[Start of section]

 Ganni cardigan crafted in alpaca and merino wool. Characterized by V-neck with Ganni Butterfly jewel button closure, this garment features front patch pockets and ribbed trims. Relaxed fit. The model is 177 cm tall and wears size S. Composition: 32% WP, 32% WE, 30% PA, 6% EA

[End of section]
[Start of section]

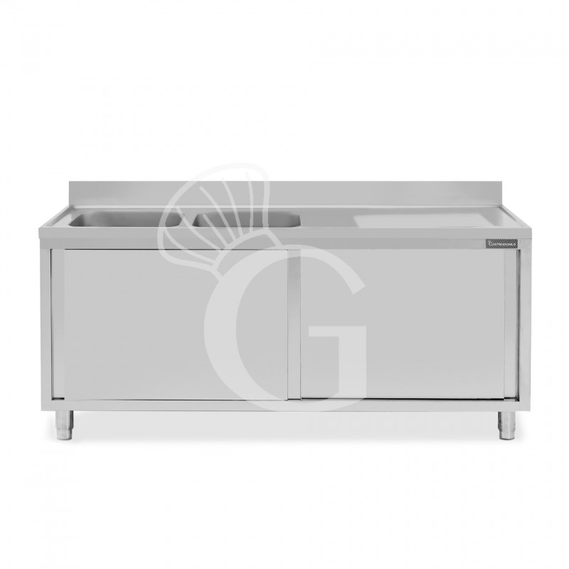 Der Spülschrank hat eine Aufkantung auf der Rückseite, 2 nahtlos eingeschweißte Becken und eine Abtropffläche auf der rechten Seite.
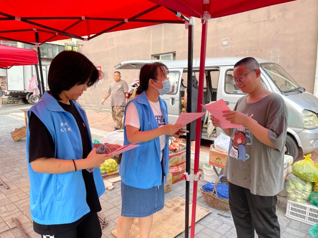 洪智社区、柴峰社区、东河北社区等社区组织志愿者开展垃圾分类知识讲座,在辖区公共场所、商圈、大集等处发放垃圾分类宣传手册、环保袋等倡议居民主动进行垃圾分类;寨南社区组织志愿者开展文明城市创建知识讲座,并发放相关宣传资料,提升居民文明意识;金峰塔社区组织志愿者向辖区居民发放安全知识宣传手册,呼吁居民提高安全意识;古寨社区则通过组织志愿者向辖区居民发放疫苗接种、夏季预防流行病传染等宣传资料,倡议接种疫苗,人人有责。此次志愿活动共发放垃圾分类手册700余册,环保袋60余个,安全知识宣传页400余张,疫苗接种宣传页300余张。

[End of section]

Requirement: Using the data above, set down each line from the line with "Der Spülschrank hat" to the line with "洪智社区、柴峰社区、东河北社" exactly, both ends included, and leave the pictures behind. Nothing else belongs.

Task result:
 Der Spülschrank hat eine Aufkantung auf der Rückseite, 2 nahtlos eingeschweißte Becken und eine Abtropffläche auf der rechten Seite.
 洪智社区、柴峰社区、东河北社区等社区组织志愿者开展垃圾分类知识讲座,在辖区公共场所、商圈、大集等处发放垃圾分类宣传手册、环保袋等倡议居民主动进行垃圾分类;寨南社区组织志愿者开展文明城市创建知识讲座,并发放相关宣传资料,提升居民文明意识;金峰塔社区组织志愿者向辖区居民发放安全知识宣传手册,呼吁居民提高安全意识;古寨社区则通过组织志愿者向辖区居民发放疫苗接种、夏季预防流行病传染等宣传资料,倡议接种疫苗,人人有责。此次志愿活动共发放垃圾分类手册700余册,环保袋60余个,安全知识宣传页400余张,疫苗接种宣传页300余张。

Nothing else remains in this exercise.